Permutation & Combination MCQs set 3 for Air University Entry Test Mathematics — 20 solved questions.

Air University Entry Test Mathematics Permutation & Combination — Set 3

  1. Question 1

    Q1. A committee of 4 is to be formed from 5 men and 4 women. How many ways can this be done if at least one woman is included?

    • A) 120
    • B) 125
    • C) 115
    • D) 121

    Answer: 120

    Explanation: Total committees = 9C4, committees with no women = 5C4. Committees with at least one woman = 9C4 - 5C4 = 120

  2. Question 2

    Q2. In how many ways can 4 boys and 4 girls be seated in a row so that boys and girls are alternate?

    • A) 1152
    • B) 576
    • C) 2304
    • D) 1000

    Answer: 1152

    Explanation: First, arrange 4 boys in 4! ways, then 4 girls in 4! ways. Total = 4! * 4! * 2 = 1152

  3. Question 3

    Q3. Two dice are thrown. What is the probability of getting a sum of 7?

    • A) 1 / 6
    • B) 1 / 12
    • C) 1 / 3
    • D) 1 / 4

    Answer: 1 / 6

    Explanation: Favorable outcomes = 6. Total outcomes = 36. Probability = 6 / 36 = 1 / 6

  4. Question 4

    Q4. A bag contains 3 red, 4 blue, and 5 green balls. What is the probability of drawing a blue ball?

    • A) 1 / 3
    • B) 4 / 12
    • C) 1 / 4
    • D) 1 / 2

    Answer: 4 / 12

    Explanation: Total balls = 12, blue balls = 4. Probability = 4 / 12 = 1 / 3

  5. Question 5

    Q5. In how many ways can 6 people be divided into 3 groups of 2?

    • A) 15
    • B) 90
    • C) 45
    • D) 10

    Answer: 15

    Explanation: First, choose 2 out of 6, then 2 out of 4, and the last 2 are fixed.

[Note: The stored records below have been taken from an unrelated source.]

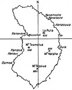 - ↑ Ralph Linton: Archaeology of the Marqueas Islands, Bernice P. Bishop Bulletin Nr. 23, Honolulu 1925, S. 181–185
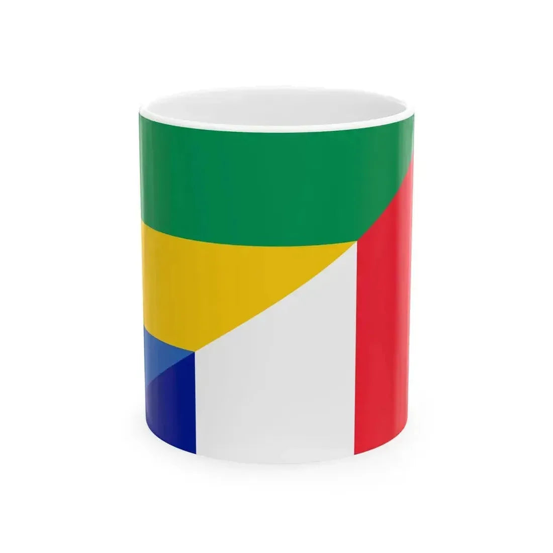 This White Coffee Mug features a unique design that showcases both the Flag of Gabon and France. The top half of the mug represents the tricolor flag of France with its blue, white, and red vertical stripes, while the bottom half depicts the flag of Gabon - green field with a large yellow star in the center. This dual design is perfect for anyone who appreciates unique and cool drinkware, as well as those with an interest in geography, flags, or both France and Gabon.
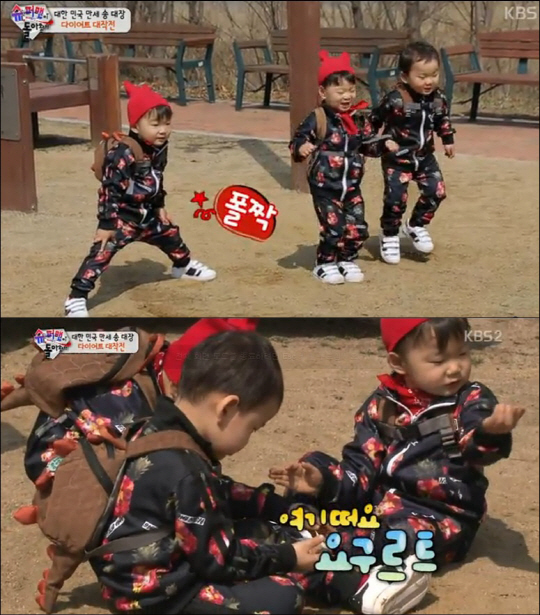 아빠와 함께 산책에 나선 삼둥이들. 은근히 시크한 트레이닝 복을 셋이 똑같이 입었어요. 화사한 플라워 패턴이 가득하지만 짙은 블랙 컬러의 바탕색과 어우러져 스타일리쉬한 느낌까지 풍기는데요? 활동하기도 편한지 더욱 신나 보이는 대한-민국-만세의 모습. NBA의 키즈 시카고 불스 플라워 패턴 트레이닝 집업입니다. 품번은 상의 N151TJ510P, 하의는 N151TP510P, 가격은 각각 5만원대. 3만원대입니다. <스포츠조선 연예패션팀>
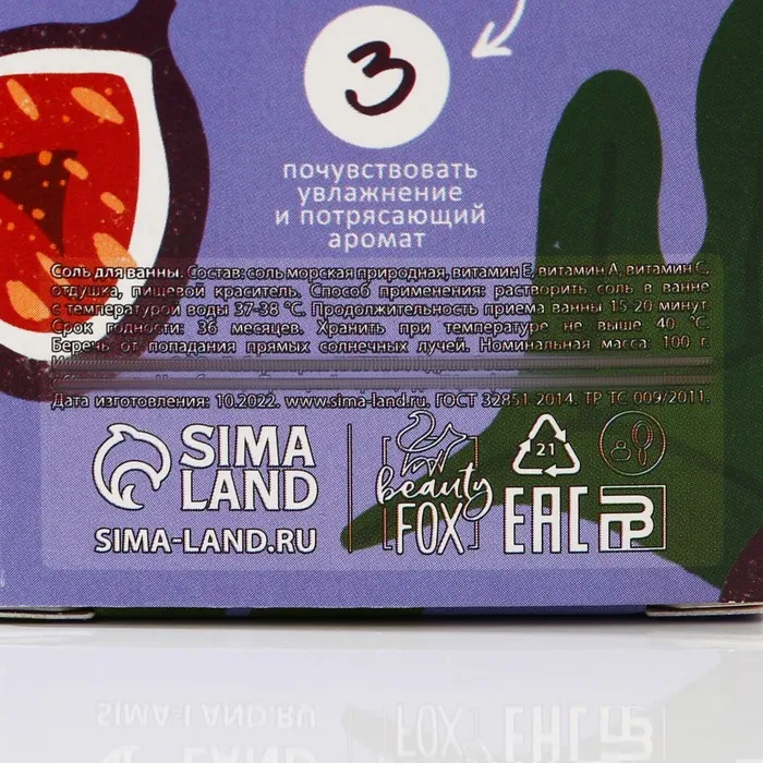 Соль для ванны «Сладкий инжир», 100 г, BEAUTY FOX — Характеристики
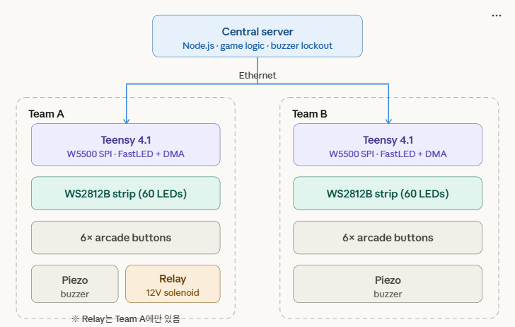 요약하자면, W5500은 "실시간 게임 데이터(버튼 누름, LED 명령)를 유선 네트워크로 안전하게 전달하기 위한 핵심 통신 부품"으로 사용되지만, 동시에 시스템의 다른 정밀 제어 작업과 자원 충돌을 일으킬 수 있는 변수로 언급되고 있습니다.
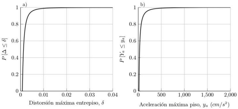 Figura 14 Funciones de probabilidad acumuladas a) Distorsión máxima de entrepiso; b) Aceleración máxima de piso
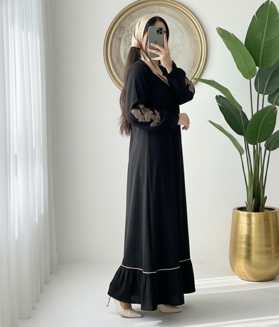 مانتو عبا گلدوزی پروانه دبل الیزه درجه یک لاکچری وخاص
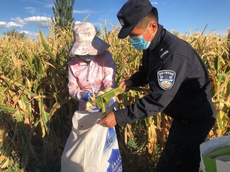 金秋時(shí)節(jié),大地金黃,碩果飄香,民警們頭頂烈日,揮舞鐮刀,有條不紊地收割著玉米,田間地頭中到處洋溢著爽朗的笑聲、彌漫著豐收的喜悅。這是在內(nèi)蒙古阿拉善右旗巴丹吉林鎮(zhèn)阿日毛道嘎查的莊稼地里,阿拉善邊境管理支隊(duì)的民警幫助群眾秋收的景象。
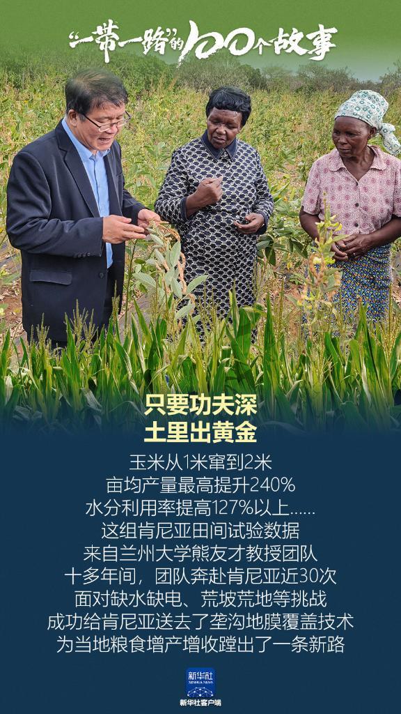 只要功夫深,土里出黃金。玉米從1米竄到2米,畝均產(chǎn)量最高提升240%,水分利用率提高127%以上……這組肯尼亞田間試驗(yàn)數(shù)據(jù),來(lái)自蘭州大學(xué)熊友才教授團(tuán)隊(duì)。十多年間,團(tuán)隊(duì)奔赴肯尼亞近30次,面對(duì)缺水缺電、荒坡荒地等挑戰(zhàn),成功給肯尼亞送去了壟溝地膜覆蓋技術(shù),為當(dāng)?shù)丶Z食增產(chǎn)增收蹚出了一條新路。(記者:張文靜、郭剛)
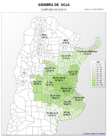 A la fecha la siembra nacional logró cubrir el 98,4 % de la superficie prevista en 1.300.000 hectáreas, permitiendo calcular un avance intersemanal de sólo 1,6 puntos porcentuales, pero todavía manteniendo un adelanto de 1,5 puntos porcentuales respecto al ciclo previo. La superficie aún pendiente de siembra equivale a tan sólo 20 mil hectáreas, concentradas principalmente en sectores del Sudeste de Buenos Aires, en donde las lluvias del pasado fin de semana interrumpieron la incorporación de lotes.
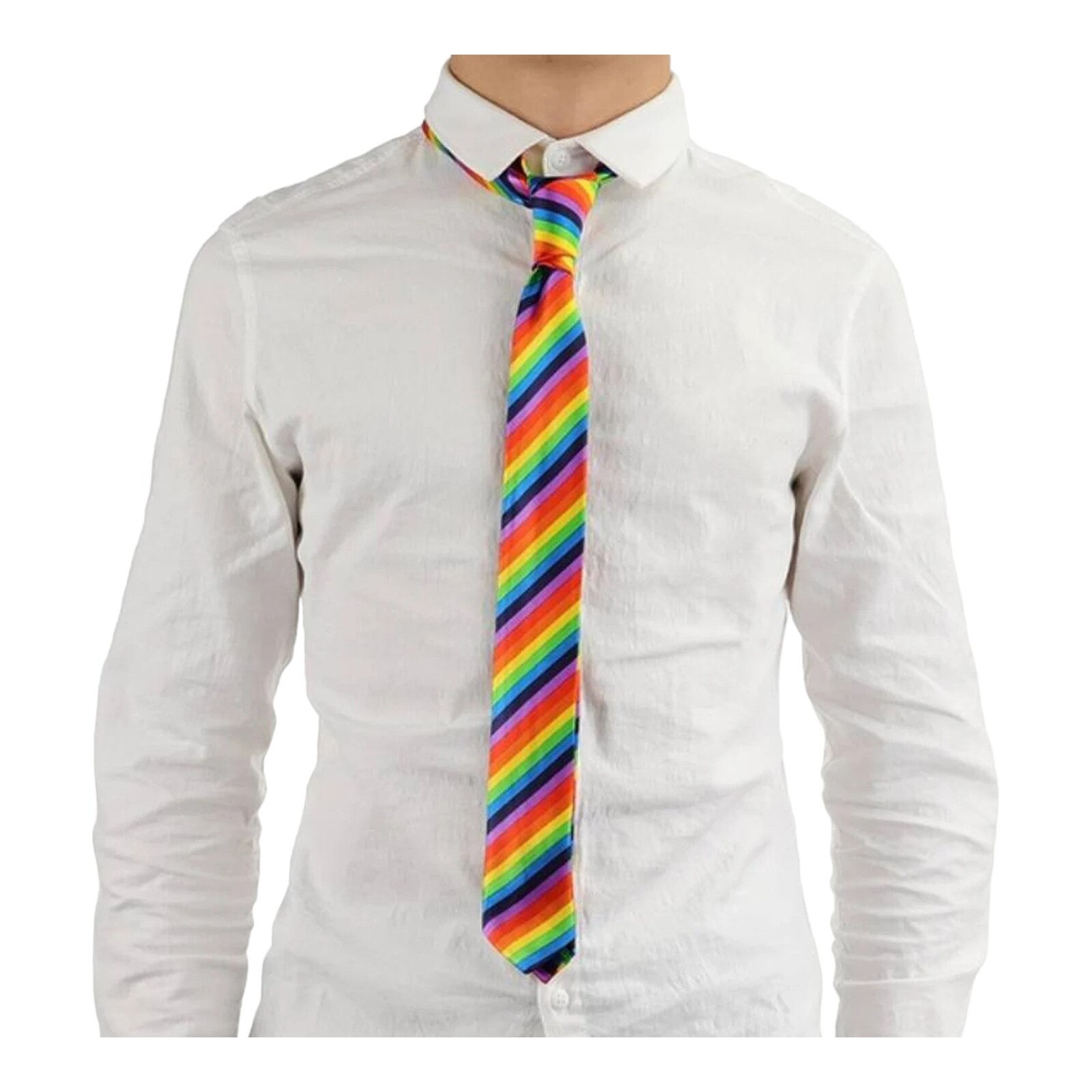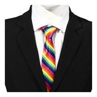 Show your support and pride with our vibrant Rainbow Striped Skinny Tie. Perfect for pride events, parties, or adding a splash of color to any outfit, this multicolour tie is a stylish and meaningful accessory for anyone in the LGBTQ+ community and allies.
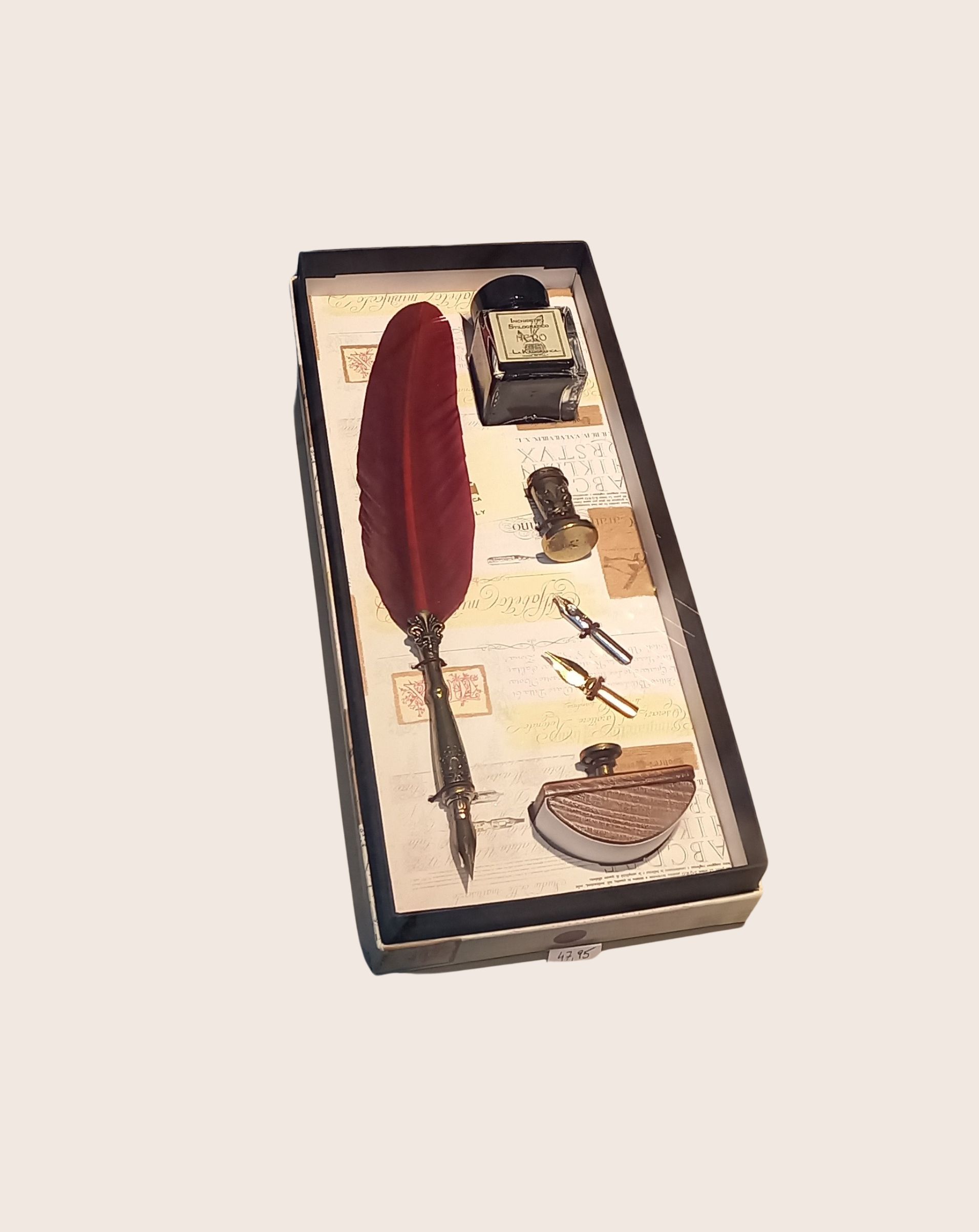 Kalligrafieset zum Beispiel mit Federhalter aus Metall, 2 Wechselfedern, Köcher, Tinte und Löschwiege.
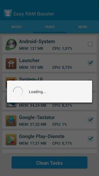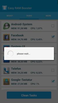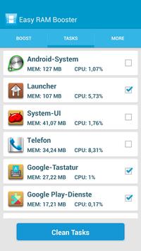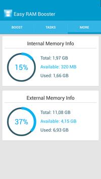 You can boost your RAM with single touch. Touch boost button and clear running process. In Tasks tab you can swipe to clean individual process from ram memory. In more tab you also know about your internal and external memory status.
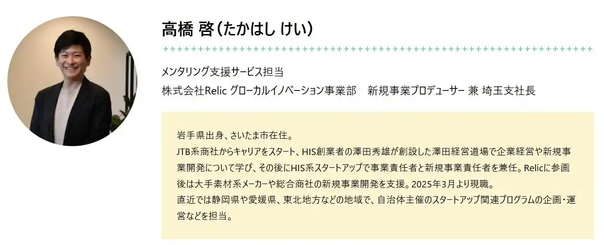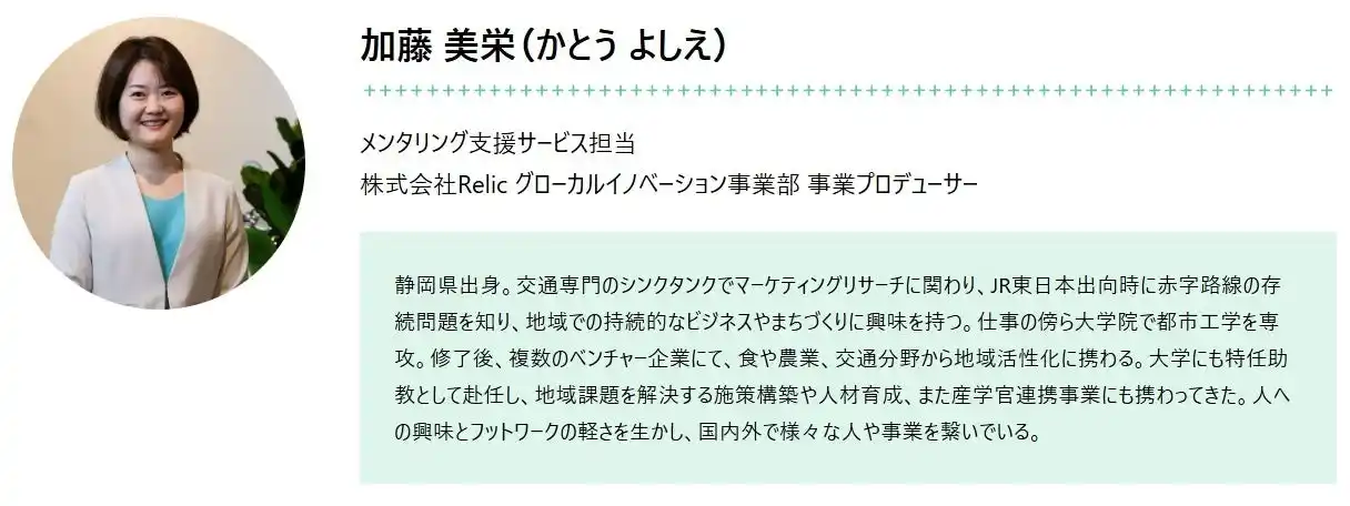 今回のRelic社との連携により、 **「場」+「プロ人材による伴走支援」**を掛け合わせ、地域発の事業創出と成長の加速を目指します。 |
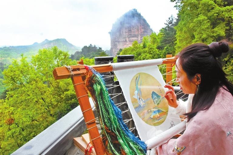 “應用現(xiàn)代審美思維創(chuàng)作出麥積山石窟系列刺繡文創(chuàng)作品,麥積刺繡藝術(shù)品的觀賞價值和實用價值會進一步凸顯。”曹苑春說。除此之外,畫繡、雙面繡團扇、香包、刺繡宮燈、刺繡擺臺等作為裝飾生活的藝術(shù)品,已被很多人所喜愛,刺繡作品正以全新的面貌走入尋常百姓家。
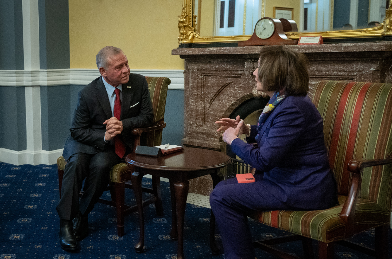 عمون - التقى جلالة الملك عبدالله الثاني رئيسة مجلس النواب الأمريكي السابقة نانسي بيلوسي في واشنطن.
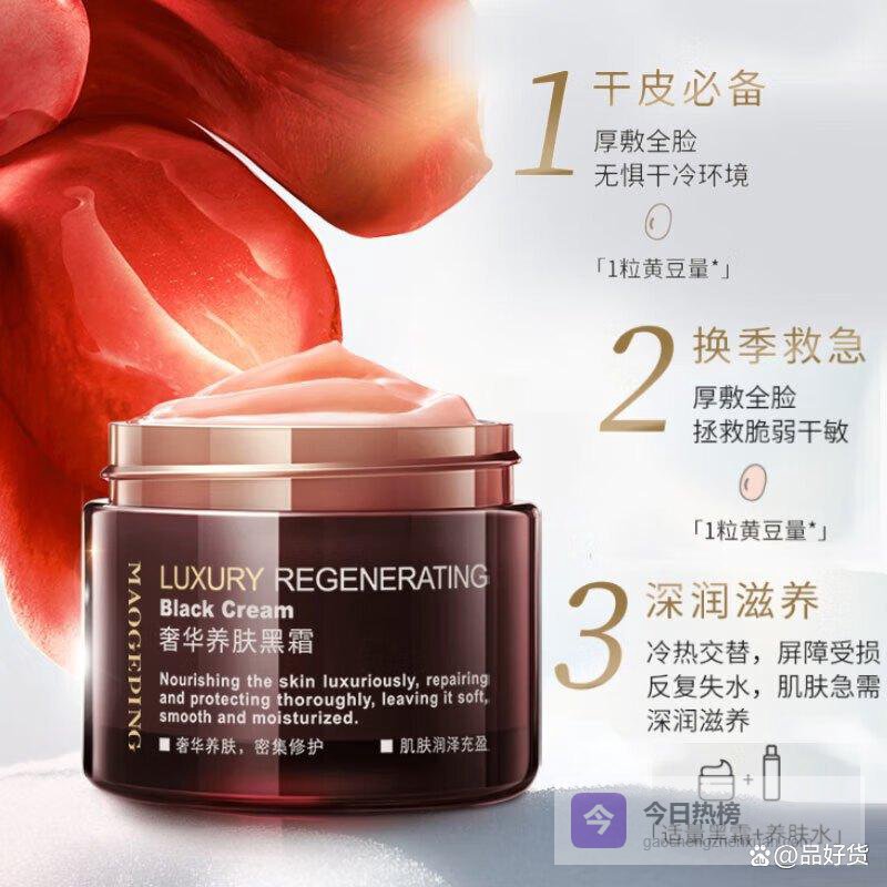 六、毛戈平这款毛戈平黑霜的神经酰胺成分,让肌肤的“水屏障”变得坚不可摧。用起来就像帮肌肤盖上一层隐形盔甲,水分和养分都不跑丢。试了下,吸收速度还算快,润而不粘,拍在脸上像喝了杯清润的果汁,皮肤瞬间变得饱满水润。
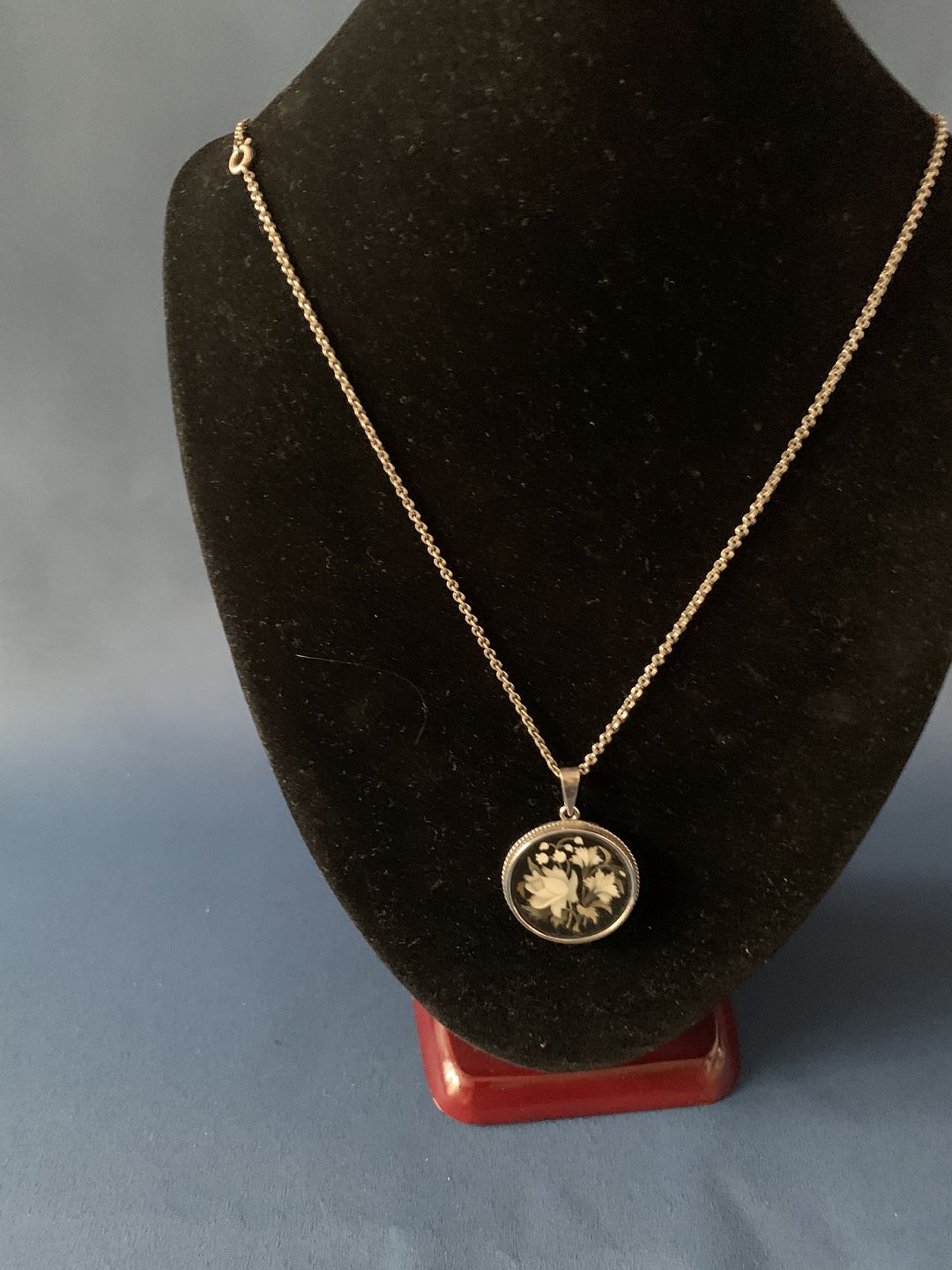 Beautiful silver chain with pendant. The pendant has an inlaid floral motif. The pendant's beautiful motif and design make this piece of jewelery very elegant to wear. The flowers in the pendant are made in great detail.

Total = 6C2 * 4C2 / 3! = 15

  6. Question 6

    Q6. A die is rolled twice. What is the probability of getting a sum of 9?

    • A) 1 / 9
    • B) 1 / 6
    • C) 1 / 12
    • D) 1 / 18

    Answer: 1 / 9

    Explanation: Favorable outcomes = 4. Total outcomes = 36. Probability = 4 / 36 = 1 / 9

  7. Question 7

    Q7. How many ways can the letters of the word 'MATHS' be arranged?

    • A) 120
    • B) 60
    • C) 24
    • D) 12

    Answer: 120

    Explanation: Total letters = 5, all distinct. Arrangements = 5! = 120

  8. Question 8

    Q8. A committee of 3 is to be formed from 4 men and 3 women. How many ways can this be done if at least one man is included?

    • A) 30
    • B) 35
    • C) 34
    • D) 31

    Answer: 34

    Explanation: Total committees = 7C3, committees with no men = 3C3. Committees with at least one man = 7C3 - 3C3 = 34

  9. Question 9

    Q9. In how many ways 5 boys and 3 girls can be seated around a round table if no two girls are together?

    • A) 4! * 5P3
    • B) 4! * 5C3
    • C) 5! * 4P3
    • D) 5! * 4C3

    Answer: 4! * 5P3

    Explanation: First, arrange 5 boys in (5-1)! = 4! ways. Then, place 3 girls in 5 gaps between boys in 5P3 ways.

  10. Question 10

    Q10. A bag contains 5 red and 3 blue balls. If 3 balls are drawn at random, find the probability that 2 are red and 1 is blue.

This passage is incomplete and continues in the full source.